Oil Prices Slip Amid Mounting Global Uncertainties

Crude oil prices dipped on Friday as volatility in the global commodity market persisted, driven by a complex mix of supply-demand imbalances and geopolitical tensions. The imbalance appears multidimensional: the Organisation of the Petroleum Exporting Countries and its allies (OPEC+) are increasing production, even as demand weakens—particularly in China, where sluggish economic data and tariff concerns are dampening consumption outlook.

The ongoing Russia-Ukraine war continues to disrupt both the supply and demand dynamics of global crude, while escalating tensions in the Middle East, particularly involving Israel, are also contributing to market unease.

Despite these pressures, oil prices managed to remain relatively stable, buoyed slightly by developments such as renewed US-China trade communications and continued geopolitical friction in Eastern Europe.

Brent crude, the international benchmark, edged up 0.04% to trade at $65.03 per barrel, compared to $65.00 in the previous session.
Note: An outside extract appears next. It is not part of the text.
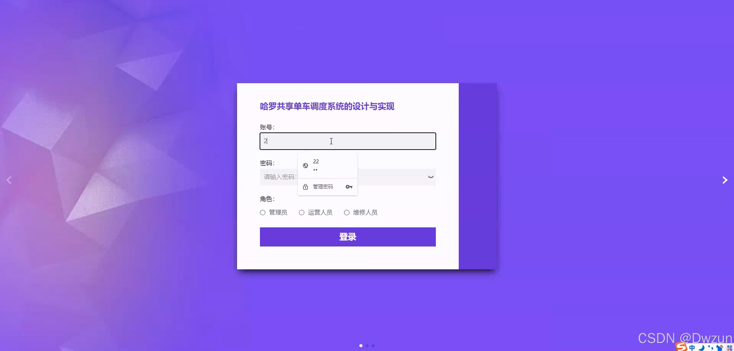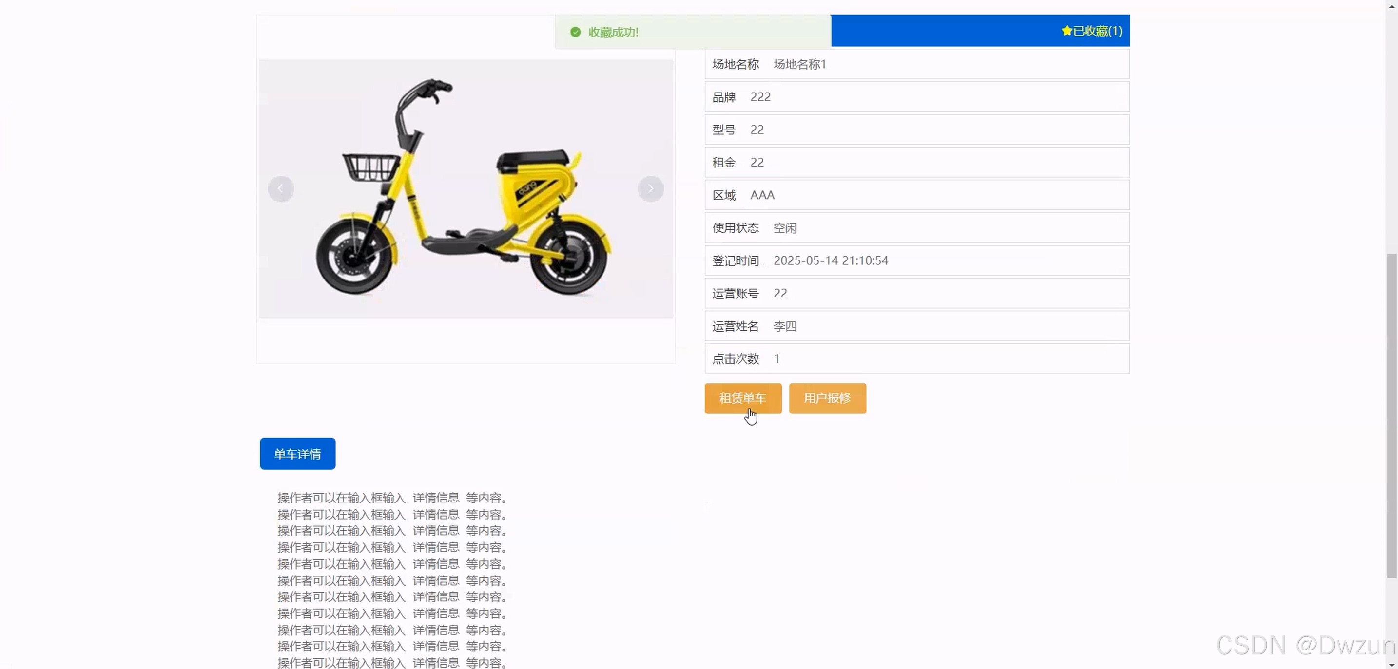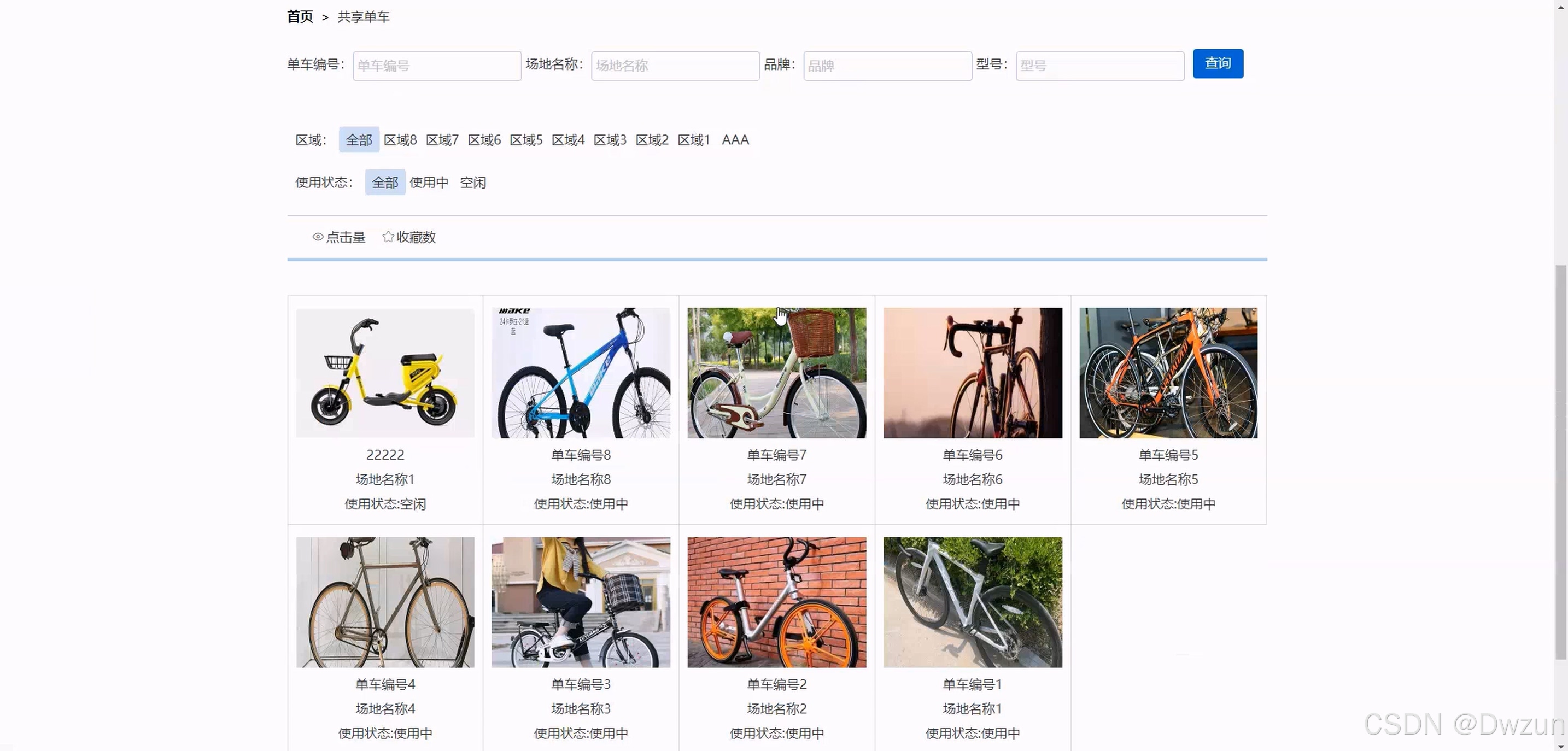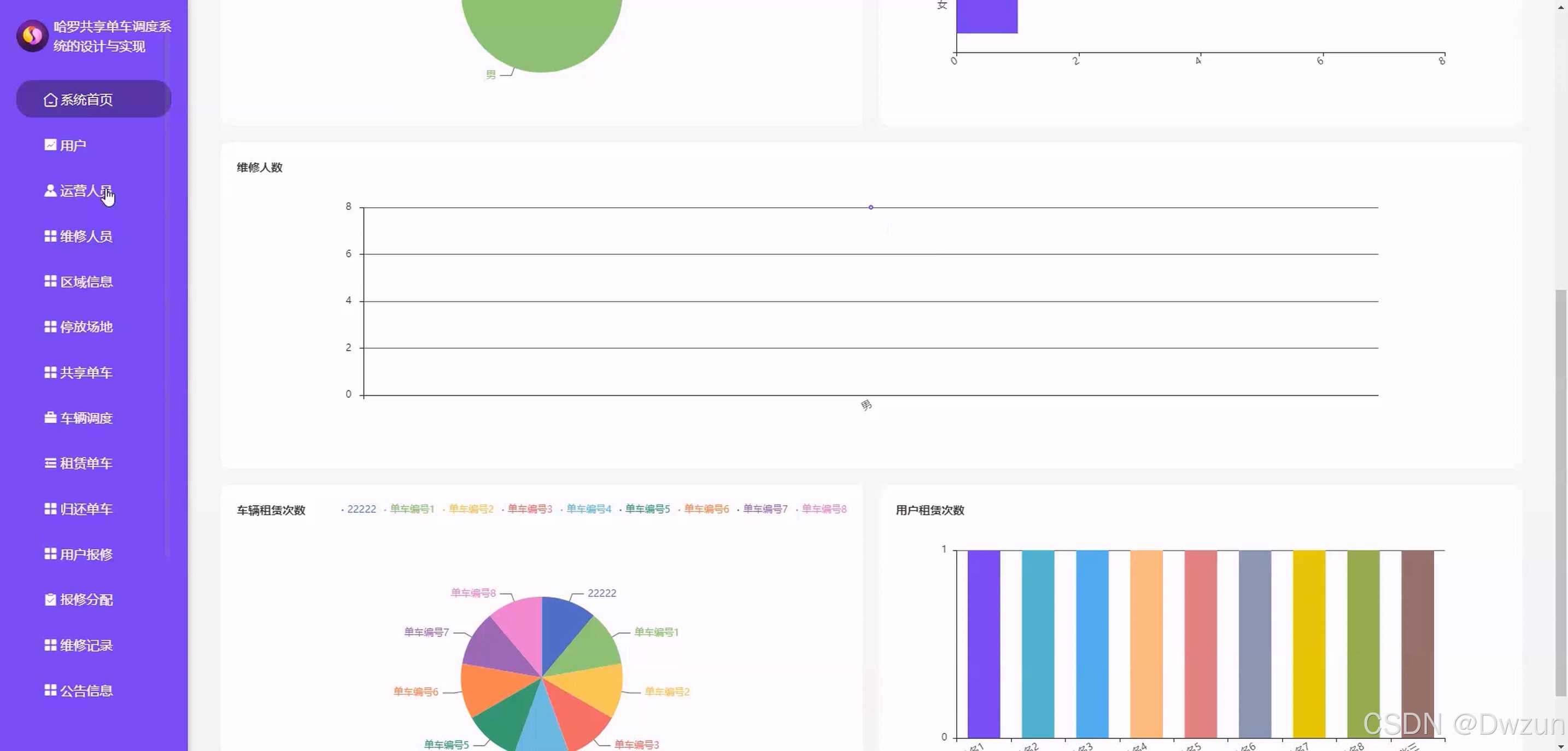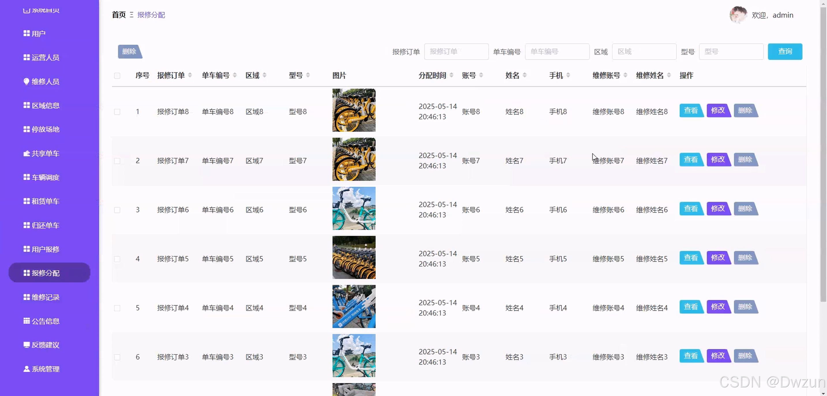 后台管理员模块 全流程管理功能:系统首页、用户管理、运营 / 维修人员管理、区域信息管理、停放场地管理、共享单车管理、车辆调度管理、租赁 / 归还单车管理、用户报修管理、报修分配 / 维修记录管理、公告信息管理 该系统聚焦共享单车的调度与运维场景,通过前台用户实现单车租还与反馈,后台维修人员处理故障维修,运营人员负责车辆调度,管理员统筹全系统资源,实现共享单车从用户使用到后台运维的全流程数字化管理,提升车辆运营效率与用户体验。

Similarly, US benchmark West Texas Intermediate (WTI) gained 0.06% to $62.64 per barrel, up from $62.60.

Supply-side uncertainty grew further amid reports of potential new US sanctions on Russia and stalled nuclear negotiations with Iran—both of which could impact global supply chains. Meanwhile, OPEC+ reaffirmed its intention to increase output starting July, in line with previous guidance.

On the demand side, weak macroeconomic signals from both the United States and China continued to weigh heavily. A notable build-up in US petroleum product inventories only added to concerns about sluggish demand in the near term.

Elsewhere, a phone conversation on Thursday between US President Donald Trump and Chinese President Xi Jinping revived cautious optimism around trade negotiations. However, analysts warn that the possibility of additional US tariffs still looms, leaving markets wary of a sustained breakthrough.

In a separate development that stirred investor sentiment, tensions between President Trump and Tesla CEO Elon Musk surfaced after Musk openly criticized proposed tax legislation—a political spat that added to the broader climate of uncertainty in US economic policy.